=== WORK TO BE COMPLETED ===
Reproduce nothing but the lines from the start of the material through the line that includes "Что касается числа", both ends included, and omit every picture.

=== EXTRACTED ENTRIES ===
■ ■ ■ ■ ■ ■ ■

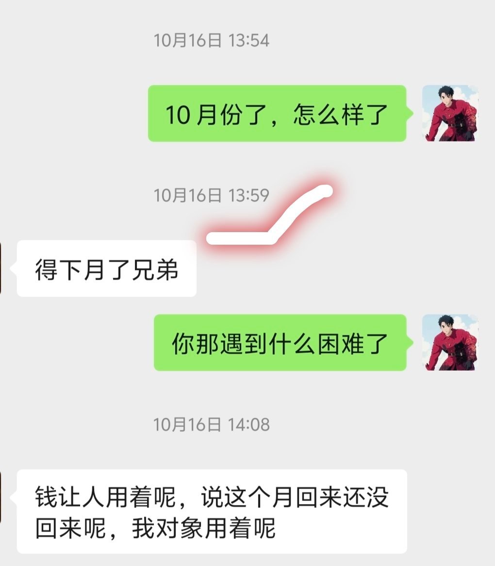兄弟们,7月的时候借钱给一个亲戚,一开始说9月还,结果整个9月没有消息,10月问,说11月还,今天月底再问,不回消息了......(不担心他不还,只是没想到又是这种一拖再拖,好借好还,再借不难嘛)
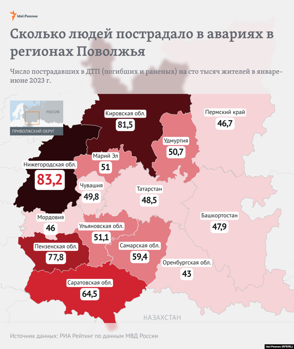 Что касается числа пострадавших в ДТП (раненых или погибших) в первом полугодии 2023 года в Поволжье, то самое низкое оно вновь в Оренбургской области (43 погибших на сто тысяч населения). Следом идут Мордовия (46), Пермский край (46,7) и Башкортостан (47,9). Больше всего пострадавших на сто тысяч населения в Нижегородской области, где значение показателя превышает 83 пострадавших в ДТП на 100 тысяч жителей.
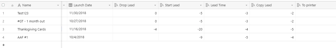 Thanksgiving Cards - Launch date is 11/16/2018. I want to create a “to printer” field that subtracts 4 days from the launch date to create a new “to printer field” that shows a due date of 11/09/18 and leaves the others blank
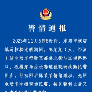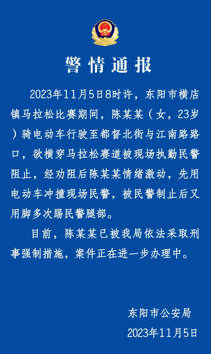 据浙江东阳市公安局11月5日晚通报,2023年11月5日8时许,东阳市横店镇马拉松比赛期间,陈某某(女,23岁) 骑电动车行驶至都督北街与江南路路口,欲横穿马拉松赛道被现场执勤民警阻止,经劝阻后陈某某情绪激动,先用电动车冲撞现场民警,被民警制止后又用脚多次踢民警腿部。
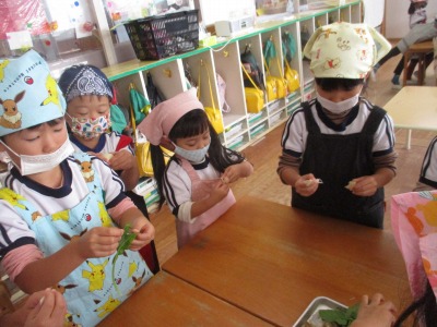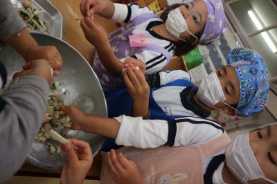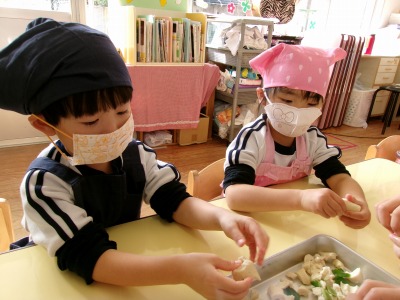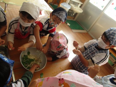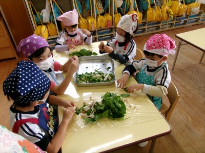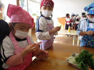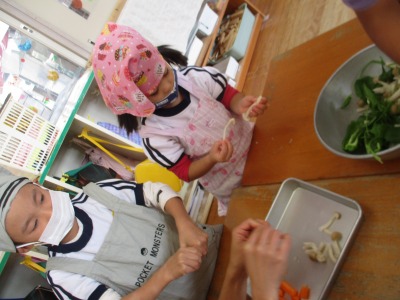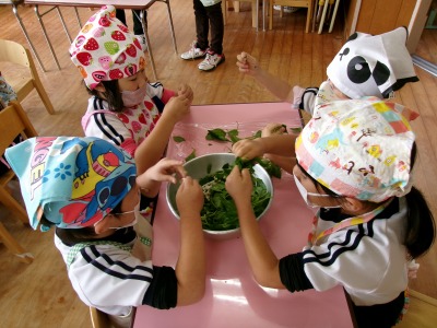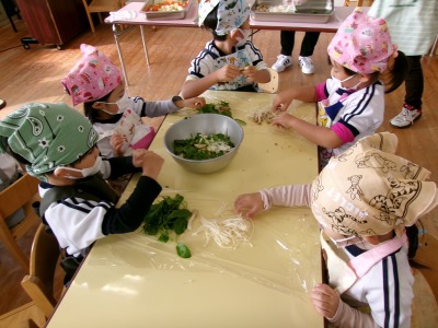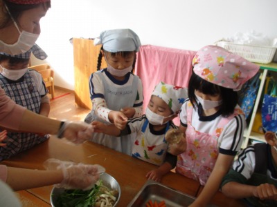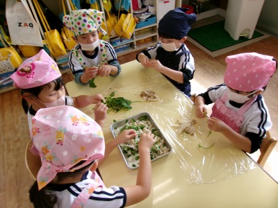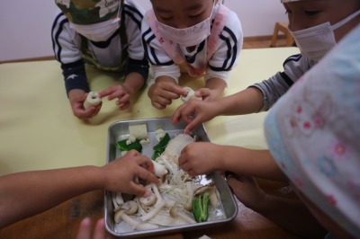 野菜やきのこを手でさいたり小さくちぎったり🥬🍄🥕
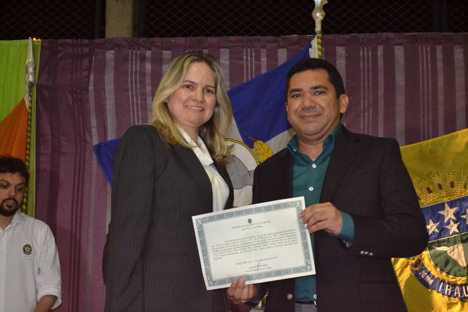 Os futuros gestores que assumem a partir do dia 01 de janeiro de 2017 receberam da juíza eleitoral Dra. Juliana Porto Sales o diploma que os consagra eleitos e lhes dão autoridade para serem empoçados. O evento também diplomou vereadores e três suplentes de cada coligação que elegeu vereador. O promotor eleitoral Dr. Rodrigo Manso também participou da solenidade, juntamente com o Chefe do Cartório Eleitoral Marcio Lopes e a equipe do cartório da 41ª zona eleitoral. Familiares dos eleitos e apoiadores também estiveram presentes no evento
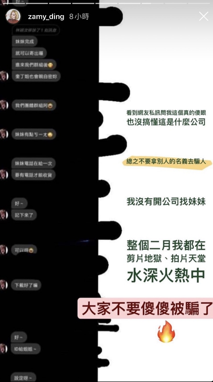 所幸有網友發現此事後,私訊告訴奎丁,奎丁也趕緊曬出證據澄清表示,自己沒有開公司找妹妹,盼粉絲們不要傻傻受騙,同時奎丁也嚴正警告對方「不要拿別人的名義去騙人」!
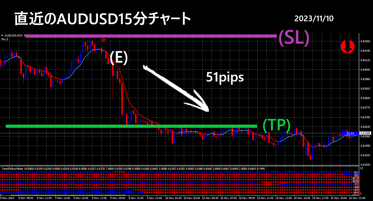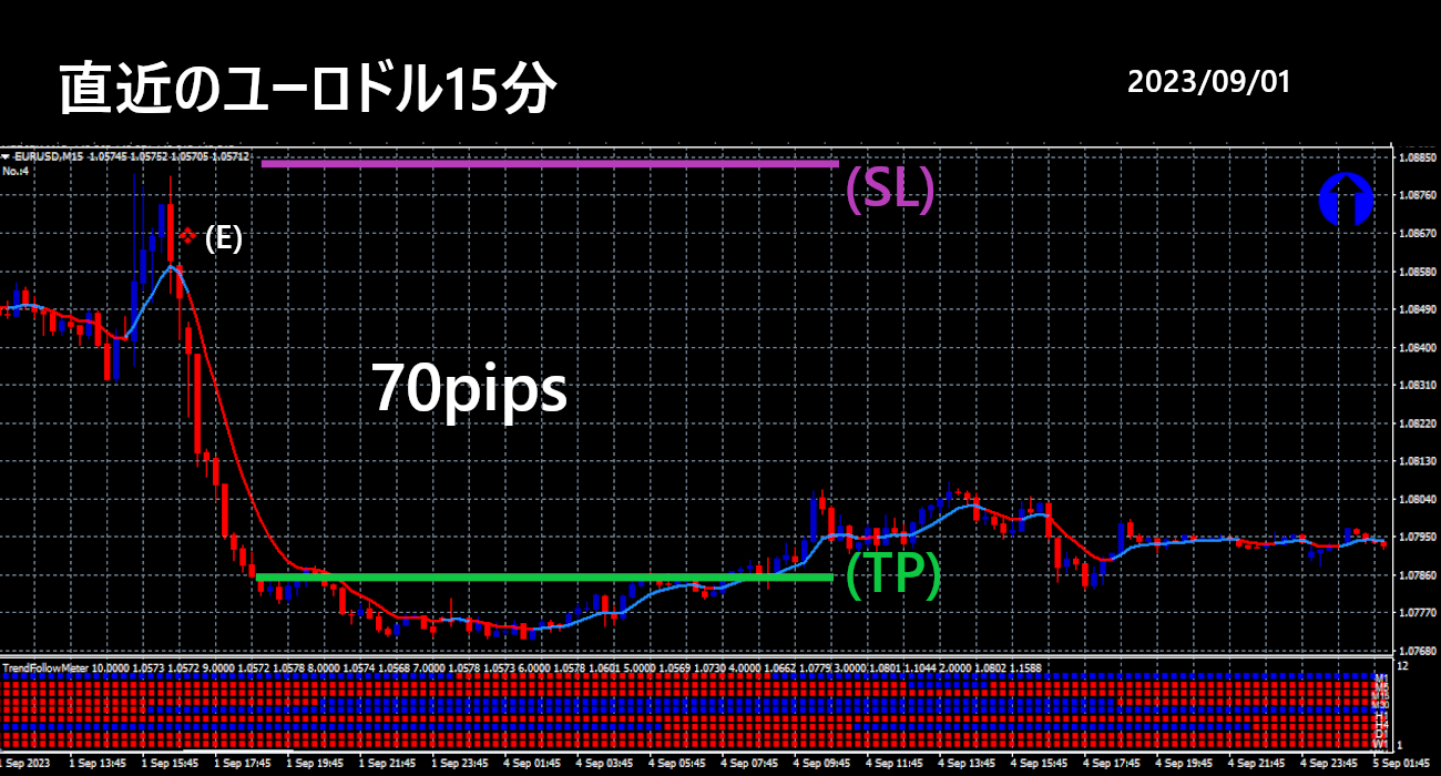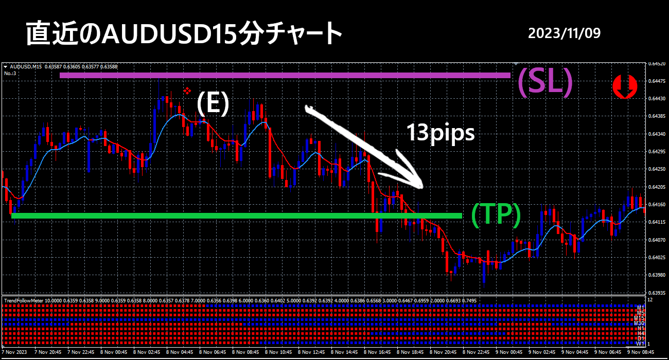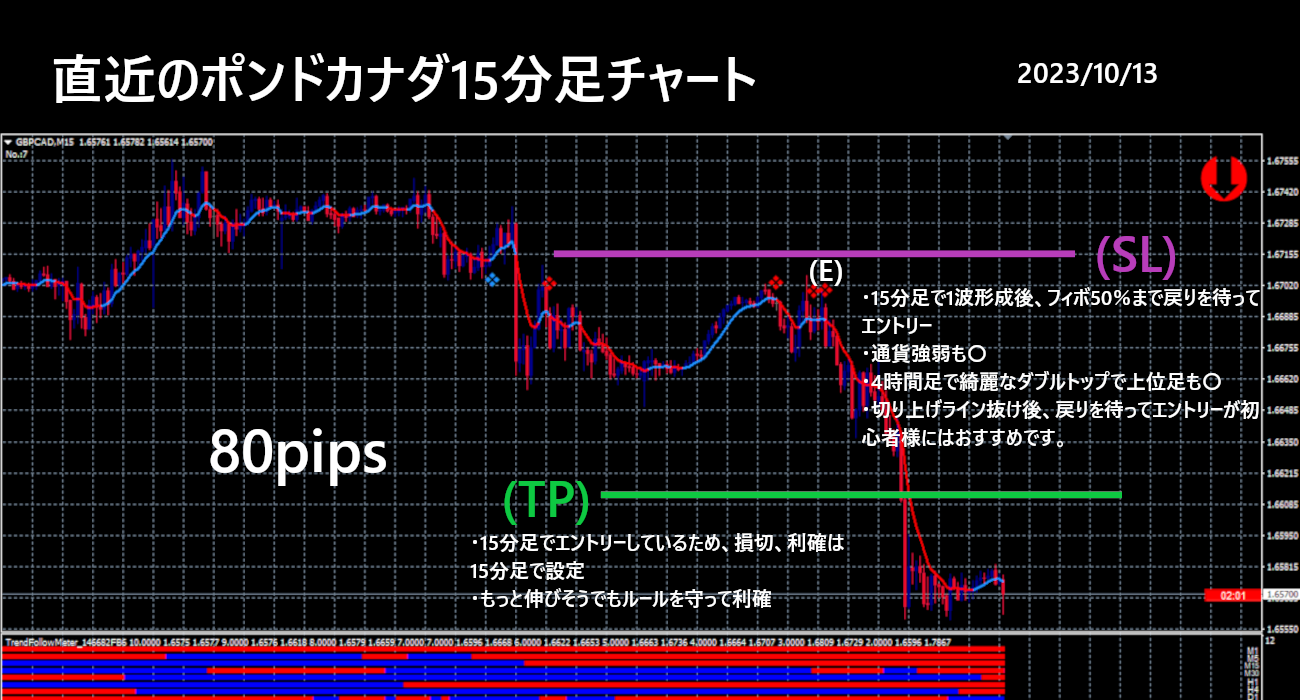 1.上位足で三尊などの波形を形成 2.下位足に落としてトレンドディレクション及びトレンドフォローメーターを確認 3.サイン点灯でエントリーを検討する

■ ■ ■ ■ ■ ■ ■

=== YOUR SOLUTION ===
兄弟们,7月的时候借钱给一个亲戚,一开始说9月还,结果整个9月没有消息,10月问,说11月还,今天月底再问,不回消息了......(不担心他不还,只是没想到又是这种一拖再拖,好借好还,再借不难嘛)
 Что касается числа пострадавших в ДТП (раненых или погибших) в первом полугодии 2023 года в Поволжье, то самое низкое оно вновь в Оренбургской области (43 погибших на сто тысяч населения). Следом идут Мордовия (46), Пермский край (46,7) и Башкортостан (47,9). Больше всего пострадавших на сто тысяч населения в Нижегородской области, где значение показателя превышает 83 пострадавших в ДТП на 100 тысяч жителей.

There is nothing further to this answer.